Activity: The whole listing needs to be written out exactly, except for any images.

Dataset excerpt:
+++++

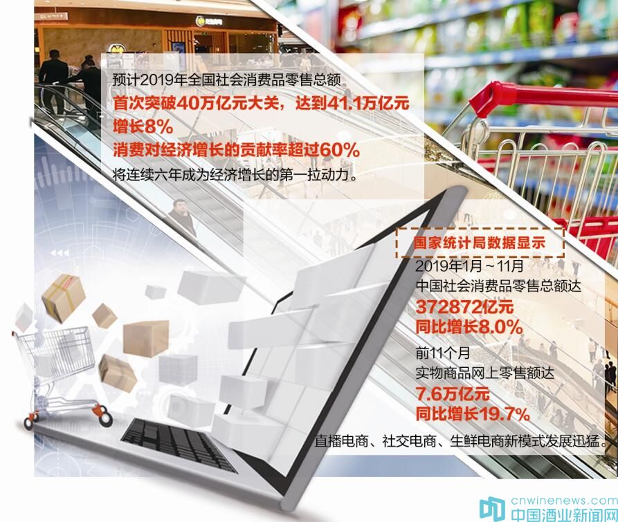 通過數(shù)據(jù)分析,2019年消費(fèi)市場運(yùn)行總體平穩(wěn),平穩(wěn)趨緩,穩(wěn)中有進(jìn)。商務(wù)部市場運(yùn)行司副司長王斌在2019年12月30日召開的2019年全國商務(wù)工作會議媒體吹風(fēng)會上表示,預(yù)計2019年全國社會消費(fèi)品零售總額將首次突破40萬億元大關(guān),達(dá)到41.1萬億元,比上年增長8%,消費(fèi)對經(jīng)濟(jì)增長的貢獻(xiàn)率超過60%,將連續(xù)六年成為經(jīng)濟(jì)增長的第一拉動力。2019年我國消費(fèi)市場運(yùn)行總體平穩(wěn),消費(fèi)規(guī)模不斷擴(kuò)大,結(jié)構(gòu)持續(xù)優(yōu)化,模式不斷創(chuàng)新,消費(fèi)對經(jīng)濟(jì)增長的基礎(chǔ)性作用進(jìn)一步鞏固。
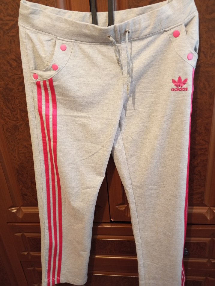 Gri sentetik kumaştan, midi boy, bol kesim kadın spor eşofman altı, düğmeli ve pembe baskılı çizgilerle detaylandırılmış.
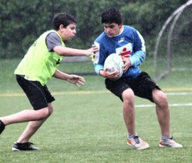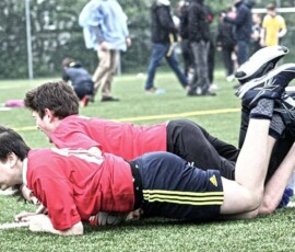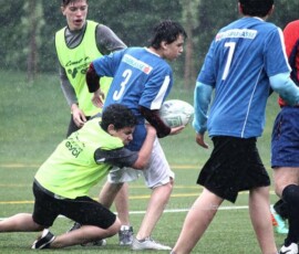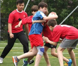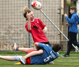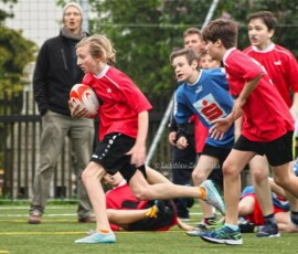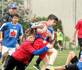 An diesem Tag wurde gefightet, gelaufen, gejubelt allerdings war das schwierigste das oftmalige Aufstehen und Motivieren nach einem Tackling oder einer Niederlage. Dies wird auch auf den Fotos ersichtlich, die Barbara Lichtblau-Zakrzanska geschossen hat und die wir dankenswerterweise verwenden dürfen. Die Schüler waren sichtlich motiviert und es wurde schon die Frage gestellt, ob es ein nächstes Jahr geben würde, nachdem wir in der Newcomer U14-Wertung das jüngste Team stellten, das – bis auf eine Ausnahme – auch im nächsten Jahr noch vollzählig spielberechtigt wäre. Schlussendlich konnte der 3. Platz erobert werden und mit im Gepäck nach Hause waren viele positive Erlebnisse und Emotionen, was sich so formuliert auch auf der Facebook Seite des Veranstalters (www.facebook.com/getintorugbyaustria) findet: „Vielen Dank für über 150 Mädchen und Jungen, die gestern alles gegeben haben – wir haben von allen Mannschaften ihr bestes Rugby und viele frohe und lachende Gesichter gesehen!“

+++++

Result below:
 通過數(shù)據(jù)分析,2019年消費(fèi)市場運(yùn)行總體平穩(wěn),平穩(wěn)趨緩,穩(wěn)中有進(jìn)。商務(wù)部市場運(yùn)行司副司長王斌在2019年12月30日召開的2019年全國商務(wù)工作會議媒體吹風(fēng)會上表示,預(yù)計2019年全國社會消費(fèi)品零售總額將首次突破40萬億元大關(guān),達(dá)到41.1萬億元,比上年增長8%,消費(fèi)對經(jīng)濟(jì)增長的貢獻(xiàn)率超過60%,將連續(xù)六年成為經(jīng)濟(jì)增長的第一拉動力。2019年我國消費(fèi)市場運(yùn)行總體平穩(wěn),消費(fèi)規(guī)模不斷擴(kuò)大,結(jié)構(gòu)持續(xù)優(yōu)化,模式不斷創(chuàng)新,消費(fèi)對經(jīng)濟(jì)增長的基礎(chǔ)性作用進(jìn)一步鞏固。
 Gri sentetik kumaştan, midi boy, bol kesim kadın spor eşofman altı, düğmeli ve pembe baskılı çizgilerle detaylandırılmış.
 An diesem Tag wurde gefightet, gelaufen, gejubelt allerdings war das schwierigste das oftmalige Aufstehen und Motivieren nach einem Tackling oder einer Niederlage. Dies wird auch auf den Fotos ersichtlich, die Barbara Lichtblau-Zakrzanska geschossen hat und die wir dankenswerterweise verwenden dürfen. Die Schüler waren sichtlich motiviert und es wurde schon die Frage gestellt, ob es ein nächstes Jahr geben würde, nachdem wir in der Newcomer U14-Wertung das jüngste Team stellten, das – bis auf eine Ausnahme – auch im nächsten Jahr noch vollzählig spielberechtigt wäre. Schlussendlich konnte der 3. Platz erobert werden und mit im Gepäck nach Hause waren viele positive Erlebnisse und Emotionen, was sich so formuliert auch auf der Facebook Seite des Veranstalters (www.facebook.com/getintorugbyaustria) findet: „Vielen Dank für über 150 Mädchen und Jungen, die gestern alles gegeben haben – wir haben von allen Mannschaften ihr bestes Rugby und viele frohe und lachende Gesichter gesehen!“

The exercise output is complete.